Welcome to the Future of Data Search & Exploration

You have more data coming at you than ever before. Over the next five years, the total amount of digital data is going to be more than twice the amount of data created since the advent of digital storage.

With the success of your company often determined by how you anticipate and respond to threats – and leverage meaningful insights – you need the ability to quickly search and find insights in your data, despite this increasing deluge of information.

Simultaneously, you need to empower more users than ever before to access and find insights in their data, regardless of their skill level or technical acumen.

And despite more data, more users and faster queries, you need tools that are ever more cost efficient, to meet IT budgets that seldom scale to data storage and demand.

Introducing a Revolutionized Search Experience

Splunk is uniquely positioned to ride this data wave, with users performing billions of monthly ad-hoc queries against data of all structures and sizes.

Working with numerous customers and drawing upon 20+ years of historical feedback, Splunk is pleased to announce the Public Preview of a complete redesign of its core Search experience, accelerating the data-to-insight workflow, and bringing the power of Splunk to everyone.

Faster Time-to-Insight for Advanced Investigations

Robust IDE-Style Code Editor

With the new Search experience, you’re no longer confined to a small search box to write your queries.

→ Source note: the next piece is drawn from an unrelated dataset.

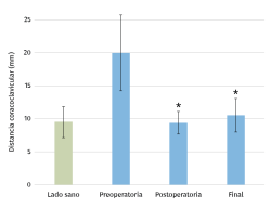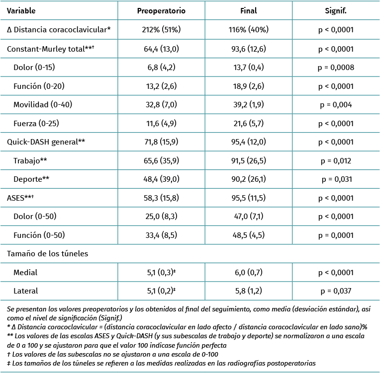 At the end of follow-up, significant improvement was observed in all three functional assessment scales and their sub-sections (Table 2 and Figure 2). Thirteen patients (93%) presented distal clavicular stability in both planes at exploration, with no noticeable scapulothoracic dyskinesia. The good reduction achieved in the immediate postoperative period in 12 of the 14 patients persisted at the end of follow-up, though the degree of displacement in the two subjects with insufficient correction in the postoperative period was seen to progress (with increments of 74% and 132%, respectively). In addition, we documented osteolysis of the distal clavicle and mild degenerative changes in the acromioclavicular joint in 5 cases. With regard to the size of the clavicular tunnels, an increase in diameter was noted, though the increase was only > 2 mm in three tunnels corresponding to three different individuals.

With a resizable IDE-style editor, you have all the space you need to write complex searches.

Updated and More Powerful Search Language (SPL2)

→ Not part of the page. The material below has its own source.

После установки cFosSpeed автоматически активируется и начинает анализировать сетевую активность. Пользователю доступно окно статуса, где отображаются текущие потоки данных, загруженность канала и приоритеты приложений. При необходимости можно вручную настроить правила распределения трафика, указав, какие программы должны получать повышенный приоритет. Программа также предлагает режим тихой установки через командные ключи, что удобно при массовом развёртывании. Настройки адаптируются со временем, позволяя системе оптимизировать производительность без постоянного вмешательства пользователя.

The new editor supports our updated Search Processor Language (SPL2), a more concise and powerful version of our search language. SPL2 is designed for users with a range of query language backgrounds including SPL and SQL while maintaining a similar syntax for familiarity. It also introduces a range of powerful capabilities such as built-in functions, types and the ability to add comments.

If you’ve never written SPL searches before – or occasionally forget which command to use or the correct syntax – auto-completion and in-line documentation make it fast and easy to start writing searches.

Thanks to the power of SPL2, you can now perform multiple searches all within a single Search Module. It’s extremely common for individuals to want to iteratively build searches, or even branch investigations. For instance, after preparing a view of their data, they may wish to conduct a certain set of analysis with one set of queries and conduct separate analysis on the same data with a different set of queries. This previously resulted in a proliferation of browser tabs. However, with the new search experience, a user can take the output of one search and use it as a starting point for another search, all within the same experience!

Reusable Searches

Every search query you write can be exported as a reusable dataset, making it easy to share specific views of your data.

Integrated Charting

The new Search experience also supports multiple charts. Instead of having to delete and re-write different commands to see various visualizations of your data, it’s easy to point-and-click and create as many charts as you’d like from the same base search.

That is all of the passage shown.